Few of the county residents knew that Betsy Klein was president of Wappakee Valley Farmers and Merchants Bank. Some knew that she had died last week in a plane crash. Hardly anyone knew that she had been diagnosed with end-stage brain cancer. Even fewer knew that she’d been to the nation’s top hospital. No one knew that she’d fought for her life — and was denied treatment — until the end. Today was Betsy Klein’s memorial.
The air was cold. Snow had fallen the night before. Betsy’s oldest son, Harry, had awakened at dawn and shoveled a path. Betsy’s youngest son, Richard, had poured the sand and salt along the path, which led from the lake house to the woods, ending at a snow mound close to shore, where Betsy’s middle son, Dominick, had arranged and covered chairs in the clearing.

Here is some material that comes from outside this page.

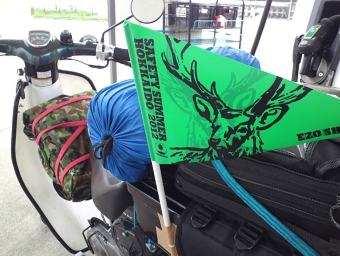 北海道のガソリンスタンドでは、道外から来たライダーに三角旗を配ってくれていました。早速、スーパーカブに三角旗を取り付けました。この時ばかりは、大量の荷物を積むためにスーパーカブにリアキャリアを付けていました。
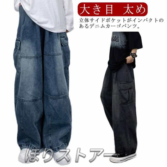 ワイドデニムカーゴパンツ デニム カーゴパンツ レディース メンズ 大きいサイズ ゆったり ワイドパンツ デニムパンツ バギーパンツ ジーパン サイドポケット ルーズフィット 大き目 太め ジーンズ ダンス衣装 ヒップホップ ストリート系 B系 ブラック ブルー

Betsy’s three sons were seated there now. Their father and a few guests would join them later inside. The sons wore coats, boots, and gloves. Their mother had expressed a desire to be remembered at home, where the boys were raised.

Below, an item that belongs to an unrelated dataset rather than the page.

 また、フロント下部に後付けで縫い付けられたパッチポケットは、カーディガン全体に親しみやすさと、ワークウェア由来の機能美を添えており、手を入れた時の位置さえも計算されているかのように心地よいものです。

Harry took the urn from Richard, who’d taken it from Dominick. He held it in his gloved hands, staring into the woods. Despite the new blanket of snow, he could make out his mom’s favorite trail. He looked to the lake. Harry Klein turned to his brothers. He smiled.

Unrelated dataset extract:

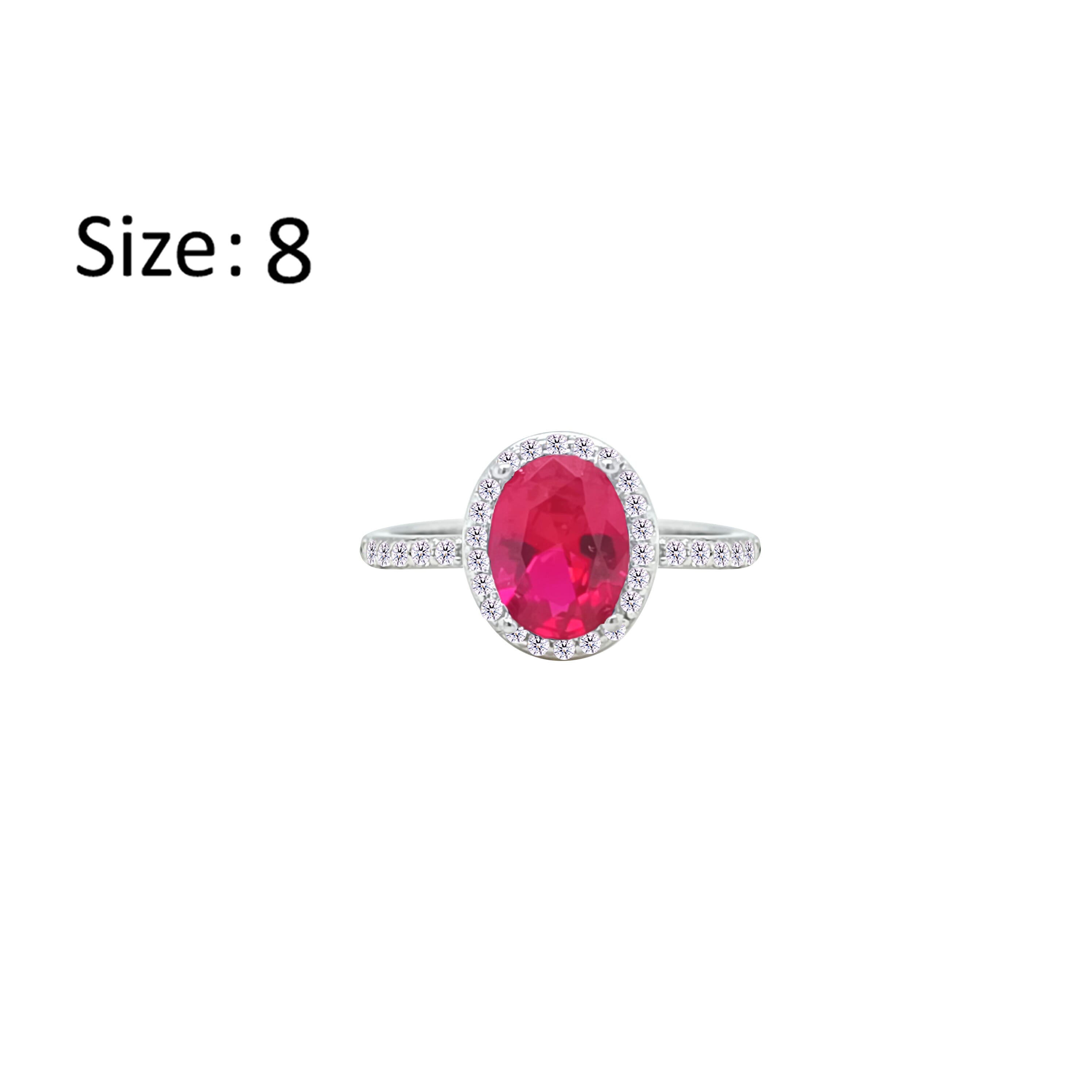 Asfour Crystal Halo Ring With Fuchsia Oval Design In 925 Sterling Silver-RM0161-F-8

A moment later, they rose. Boots on the frozen ground near the shore, snowdrifts blowing, they took turns reaching inside, letting Betsy’s ashes be swept by the wind. Betsy’s sons watched as her remains disappeared in twists above the frosted lake. Soon, they would walk back to the house to join the other guests, one of whom had known Betsy as a passenger on the doomed plane. Another knew Betsy as a terminally ill patient. Another hated Betsy. Another knew her as his wife. None of them knew that Betsy had written a will as the crippled jet made its final descent.
How could they? There had been no talk of a will. Betsy rarely spoke of her terminal illness. She spoke less about her estate. She’d never mentioned a will. “Cremate me,” she’d answered Richard, her youngest son, when he put the question to his mother a few weeks after the diagnosis. “Toss what’s left over the lake.”
“Here they come,” said Harry’s wife, Rebecca, to her father-in-law, as she stood by the backyard window. Betsy’s sons filed down the path, one by one, walking back to the house.
Dominick Klein led the way. Dr. Klein had graduated with a Ph.D in philosophy on the same day that his mother was promoted to the bank’s vice-presidency. That was the day that Dominick, who had divorced in his early twenties, had signed his second divorce.
“I’m 39, Mom,” the scholar had said to Betsy that evening in the kitchen. He had felt defeated and raw. He remembered that she had taken his hand. “You think you’re a failure,” Betsy had said, leaning in as Dominick held her gaze. “It will take more than a couple of divorces and a Ph.D. to bring you down,” she told her middle son, gripping his hand. “Stand tall, Dom,” she’d said. “Remind yourself who you are.”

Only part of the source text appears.